Data entries
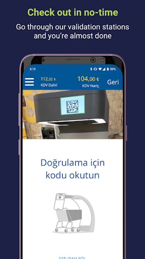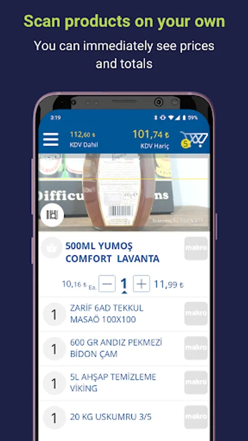 The application is easy to use: Scan the cart QR code and start scanning product bar-codes as you go.
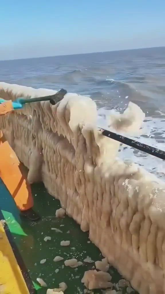 Un barco cubierto de hielo en océanos congelados crea un paisaje surrealista
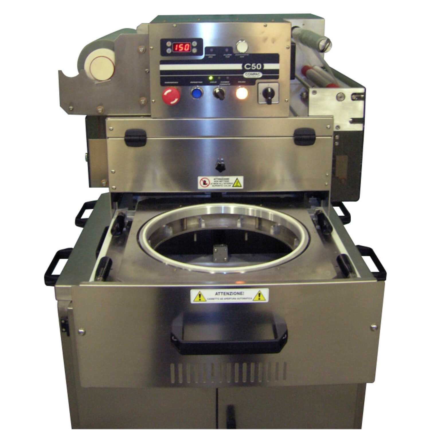 Scegliere il film di chiusura più adatto all’utilizzo del prodotto e spingere il cassetto all’interno della macchina, che provvederà in circa 4 secondi alla chiusura del piatto ed all’espulsione in automatico del cassetto. Applicata l’etichetta che riporta le informazioni necessarie, e la pizza sarà pronta per essere distribuita.
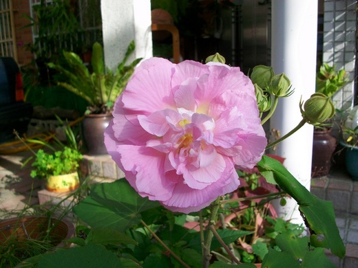 不過這木芙蓉是種植在一個方形瓷器花盆裡,我不好意思就這樣搬走,我想下次自己帶一個塑膠花盆來再取回。阿鸞卻說沒關係,反正放在外頭的盆栽也常常被竊,送給同樣是愛花的故鄉人總比失竊來的好。等兒子剪完頭髮,我就恭敬不如從命的把這木芙蓉帶回家。起先,我約略知道木芙蓉應該跟黃槿一樣屬於「錦葵科」的植物,也大概看過她開花的樣子,但我確信她非野外常見的「山芙蓉」就是了!
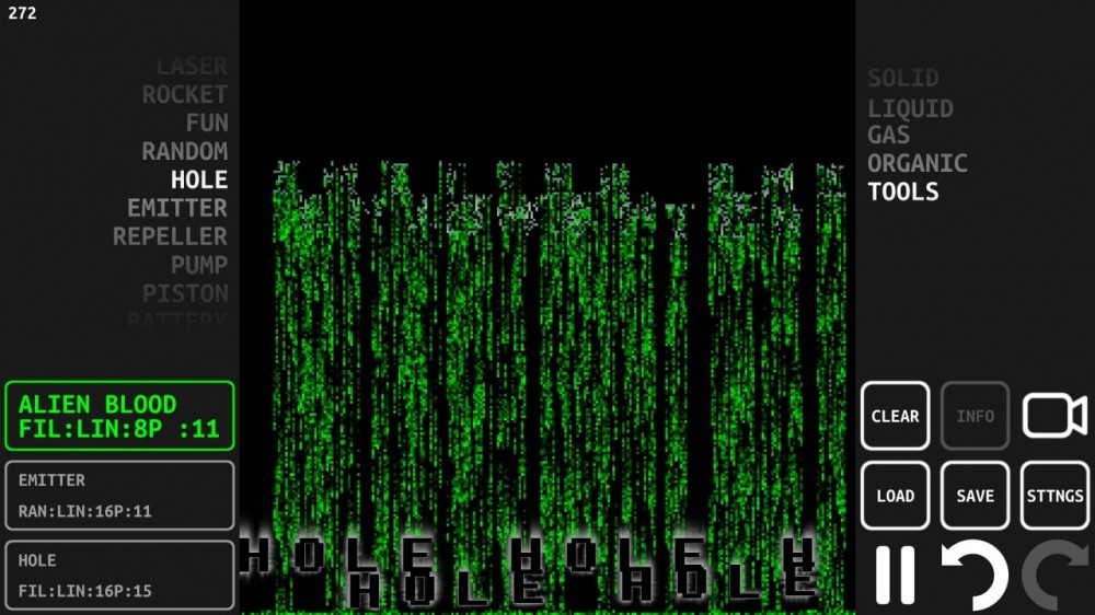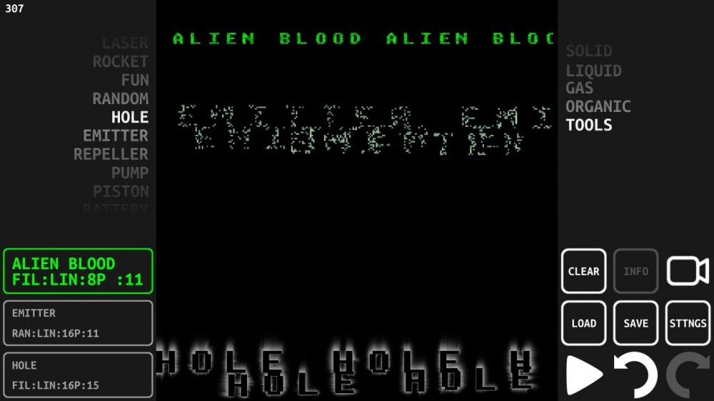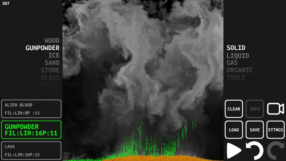 Пользователи могут сочетать эти объекты, как им вздумается, а затем наблюдать за их взаимодействиями и реакциями. Вдобавок можно оказывать на них дополнительное влияние с помощью излучения и различных стихий. Например: ветра. Всё вместе это позволяет геймерам устраивать пожары, взрывы, задымления, а также всячески менять ландшафт. В проекте имеется встроенный редактор, что похож на простые графические программы, позволяющий создавать собственные карты и события. Также есть список заранее созданных уровней. Фон у этапов по умолчанию темный, но можно загружать фотографии и картинки с ПК, а затем использовать их в качестве задника.
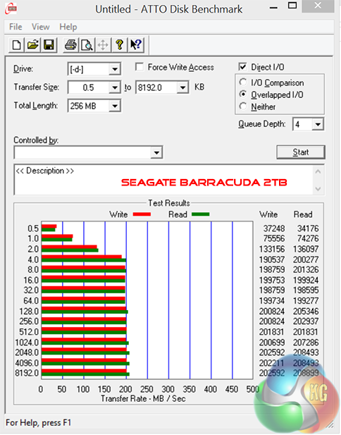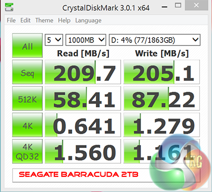 The Samsung 840 EVO Solid State Drive performs exceptionally well, hitting around 540 MB/s and 522 MB/s in the sequential read and write test, respectively. The Seagate Barracuda 2TB is as fast as you would expect from a mechanical drive hitting between 200 and 210 MB/s.
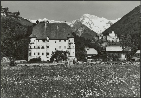Ansitz Neumelans, im Hintergrund Schloss Taufers (Fotografie, ca. 1960-70)
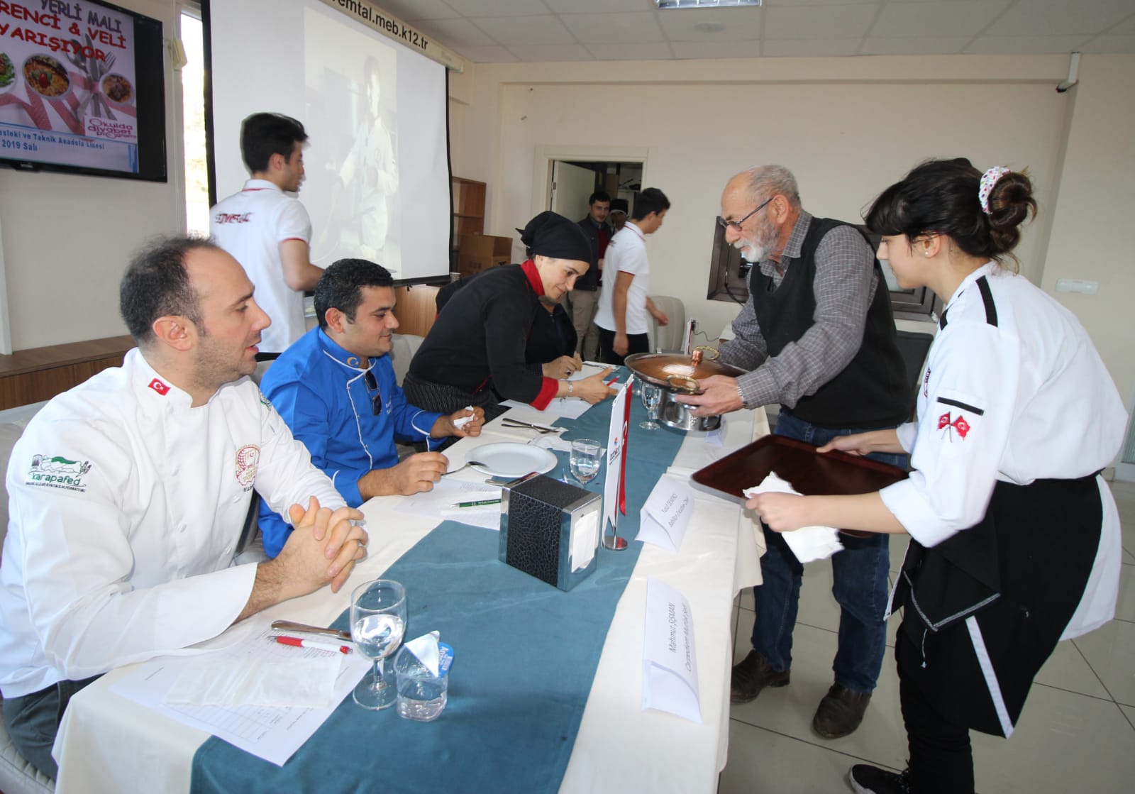 Öğrenciler ve aileleri önce okulun mutfağında yemeklerini hazırladı. Daha sonra servis edilen yemeklerin 4 jüri üyesi tarafından tatlarına bakıldı.

Task: Reproduce the data above exactly, but only the lines from the one showing "Scegliere il film" through the one showing "Пользователи могут сочетать", with both ends kept and the pictures left out.

Response to this exercise:
 Scegliere il film di chiusura più adatto all’utilizzo del prodotto e spingere il cassetto all’interno della macchina, che provvederà in circa 4 secondi alla chiusura del piatto ed all’espulsione in automatico del cassetto. Applicata l’etichetta che riporta le informazioni necessarie, e la pizza sarà pronta per essere distribuita.
 不過這木芙蓉是種植在一個方形瓷器花盆裡,我不好意思就這樣搬走,我想下次自己帶一個塑膠花盆來再取回。阿鸞卻說沒關係,反正放在外頭的盆栽也常常被竊,送給同樣是愛花的故鄉人總比失竊來的好。等兒子剪完頭髮,我就恭敬不如從命的把這木芙蓉帶回家。起先,我約略知道木芙蓉應該跟黃槿一樣屬於「錦葵科」的植物,也大概看過她開花的樣子,但我確信她非野外常見的「山芙蓉」就是了!
 Пользователи могут сочетать эти объекты, как им вздумается, а затем наблюдать за их взаимодействиями и реакциями. Вдобавок можно оказывать на них дополнительное влияние с помощью излучения и различных стихий. Например: ветра. Всё вместе это позволяет геймерам устраивать пожары, взрывы, задымления, а также всячески менять ландшафт. В проекте имеется встроенный редактор, что похож на простые графические программы, позволяющий создавать собственные карты и события. Также есть список заранее созданных уровней. Фон у этапов по умолчанию темный, но можно загружать фотографии и картинки с ПК, а затем использовать их в качестве задника.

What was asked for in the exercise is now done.